Apart from the pictures, every part of the records below gets retyped exactly.

Start of Extracted information

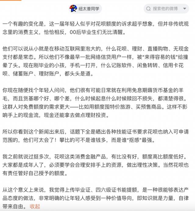 今日,微博上出現(xiàn)了一個破千萬的話題。 # 上傳文憑四六級征可花唄提額 #。
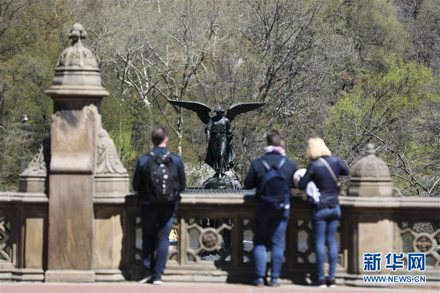 4月16日,人們?cè)诿绹~約中央公園游覽。 新華社記者 王迎 攝
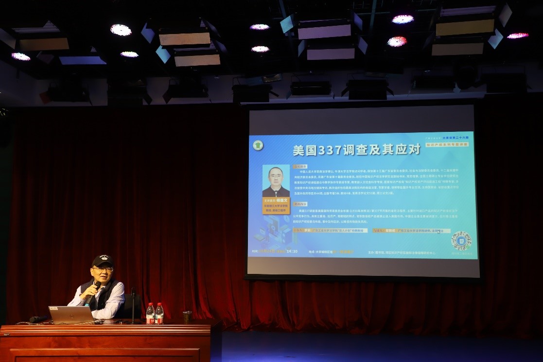 10月24日,“大家谈”第二十六期在图书馆大学城校区负一楼演播厅举办,由图书馆与湾区知识产权实施和法律保障研究中心联合主办。本次讲座特邀政协第十三届广东省委员会委员、中国知识产权法学研究会副秘书长、教育部人文社会科学专家、华南理工大学法学院杨雄文教授以《美国337调查及其应对》为题主讲,我校法学院罗莉教授主持,翟鹏威老师与谈。图书馆馆长房亚明及师生共计200余人参加。
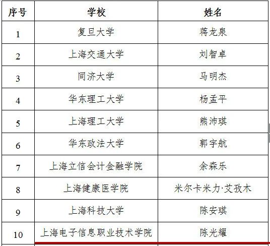 /span>近日,中共上海市教育卫生工作委员会、上海市教育委员会联合发布了“/span>2019/span>上海大学生年度人物”名单(沪教委德〔/span>2020/span>〕/span>18/span>号)。经学校推荐、材料审核、专家评审和公示,永利官网通信与信息工程学院陈光耀同学等/span>10/span>人获评“/span>2019/span>上海大学生年度人物”。/span>/span>/span>/p> /span>/span>/p> /span>/span> /span>/span>/strong>/p> “2019上海大学生年度人物”获奖名单/strong>/p> 陈光耀,男,汉族,共青团员,现就读于永利官网通信与信息工程学院软件技术专业。陈光耀同学出生于安徽省的贫困农家,出生时身体残疾,生活无法自理,需要终身依靠轮椅活动。在成长过程中,他克服身体的不便、手术的痛苦,用自己顽强的毅力向生命发出挑战。终于,凭着自己的努力,在双拐的支撑下,他能蹒跚行走了,在校园里,这个特殊的身影感动着每一位师生。
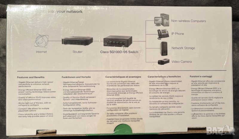 Модел: Cisco SG100D-05 5-Port Desktop Gigabit Switch НОВ (пълен комплект в кашон)
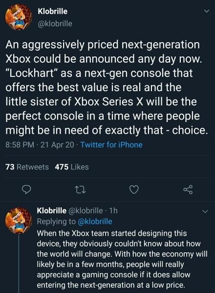之前网传低配版Xbox Series系列主机Xbox Series S(代号Lockhart)即将公布,售价300美元左右。Xbox Series S也拥有Zen 2 CPU、RDNA 2 GPU、GDDR6 内存、Xbox 高速架构和固态硬盘等,支持光线追踪。它与Xbox Series X的不同之处就在于GPU浮点性能为4TF。 近日网上又有新传闻出现,Xbox Series S或将在5月发布会活动上公布,其将以低廉的价格和稍减的机能,吸引更多的玩家。在发布会上,《光环:无限》《神鬼寓言》重启版也将有新情报放出。 知名爆料人Klobrille也爆料称,Xbox Series S售价极具竞争力,为次世代游戏提供了准入门槛。微软推出两款次世代主机,是为了给玩家更多选择。他还说微软在研发Xbox Series S时,并没有预测到未来会有何种变化。现在新冠疫情泛滥导致全球经济衰退,而低配版次世代主机的价格更实惠,将帮助微软赢得更多的市场份额。 |

End of Extracted information

Worked solution —
 今日,微博上出現(xiàn)了一個破千萬的話題。 # 上傳文憑四六級征可花唄提額 #。
 4月16日,人們?cè)诿绹~約中央公園游覽。 新華社記者 王迎 攝
 10月24日,“大家谈”第二十六期在图书馆大学城校区负一楼演播厅举办,由图书馆与湾区知识产权实施和法律保障研究中心联合主办。本次讲座特邀政协第十三届广东省委员会委员、中国知识产权法学研究会副秘书长、教育部人文社会科学专家、华南理工大学法学院杨雄文教授以《美国337调查及其应对》为题主讲,我校法学院罗莉教授主持,翟鹏威老师与谈。图书馆馆长房亚明及师生共计200余人参加。
 /span>近日,中共上海市教育卫生工作委员会、上海市教育委员会联合发布了“/span>2019/span>上海大学生年度人物”名单(沪教委德〔/span>2020/span>〕/span>18/span>号)。经学校推荐、材料审核、专家评审和公示,永利官网通信与信息工程学院陈光耀同学等/span>10/span>人获评“/span>2019/span>上海大学生年度人物”。/span>/span>/span>/p> /span>/span>/p> /span>/span> /span>/span>/strong>/p> “2019上海大学生年度人物”获奖名单/strong>/p> 陈光耀,男,汉族,共青团员,现就读于永利官网通信与信息工程学院软件技术专业。陈光耀同学出生于安徽省的贫困农家,出生时身体残疾,生活无法自理,需要终身依靠轮椅活动。在成长过程中,他克服身体的不便、手术的痛苦,用自己顽强的毅力向生命发出挑战。终于,凭着自己的努力,在双拐的支撑下,他能蹒跚行走了,在校园里,这个特殊的身影感动着每一位师生。
 Модел: Cisco SG100D-05 5-Port Desktop Gigabit Switch НОВ (пълен комплект в кашон)
之前网传低配版Xbox Series系列主机Xbox Series S(代号Lockhart)即将公布,售价300美元左右。Xbox Series S也拥有Zen 2 CPU、RDNA 2 GPU、GDDR6 内存、Xbox 高速架构和固态硬盘等,支持光线追踪。它与Xbox Series X的不同之处就在于GPU浮点性能为4TF。 近日网上又有新传闻出现,Xbox Series S或将在5月发布会活动上公布,其将以低廉的价格和稍减的机能,吸引更多的玩家。在发布会上,《光环:无限》《神鬼寓言》重启版也将有新情报放出。 知名爆料人Klobrille也爆料称,Xbox Series S售价极具竞争力,为次世代游戏提供了准入门槛。微软推出两款次世代主机,是为了给玩家更多选择。他还说微软在研发Xbox Series S时,并没有预测到未来会有何种变化。现在新冠疫情泛滥导致全球经济衰退,而低配版次世代主机的价格更实惠,将帮助微软赢得更多的市场份额。 |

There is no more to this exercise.